• _Assignment_
Copy exactly the lines of the data below, beginning with the line with "Gruppenfoto der Teilnehmer" and ending with the line with "Mahabharat Range - hindu samostan". Pictures are to be omitted.

• _Working data_
╔══

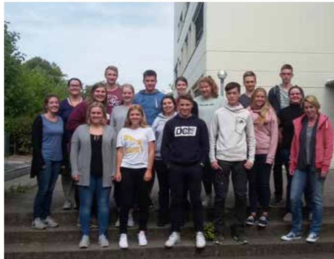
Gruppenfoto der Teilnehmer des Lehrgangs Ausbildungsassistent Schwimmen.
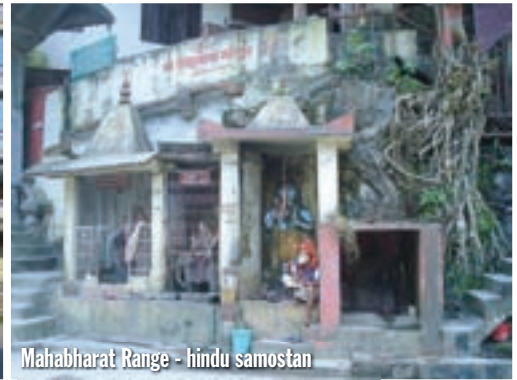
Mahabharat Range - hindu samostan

╚══
╔══

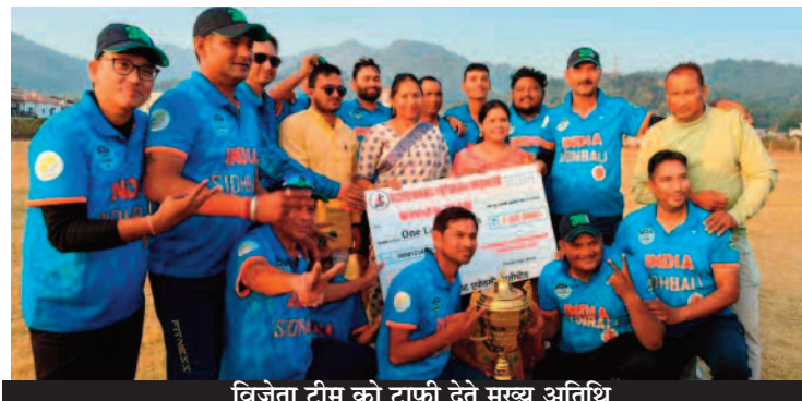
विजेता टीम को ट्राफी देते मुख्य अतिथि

╚══
╔══

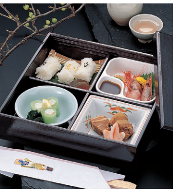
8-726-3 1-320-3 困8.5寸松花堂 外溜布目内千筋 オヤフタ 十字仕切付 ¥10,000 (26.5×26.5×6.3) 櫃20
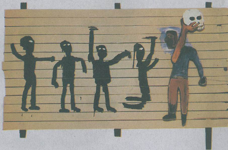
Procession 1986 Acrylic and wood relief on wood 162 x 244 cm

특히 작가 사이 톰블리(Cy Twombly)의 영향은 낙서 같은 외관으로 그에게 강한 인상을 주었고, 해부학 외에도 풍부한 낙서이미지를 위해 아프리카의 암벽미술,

╚══

• _Expected output_
Gruppenfoto der Teilnehmer des Lehrgangs Ausbildungsassistent Schwimmen.
Mahabharat Range - hindu samostan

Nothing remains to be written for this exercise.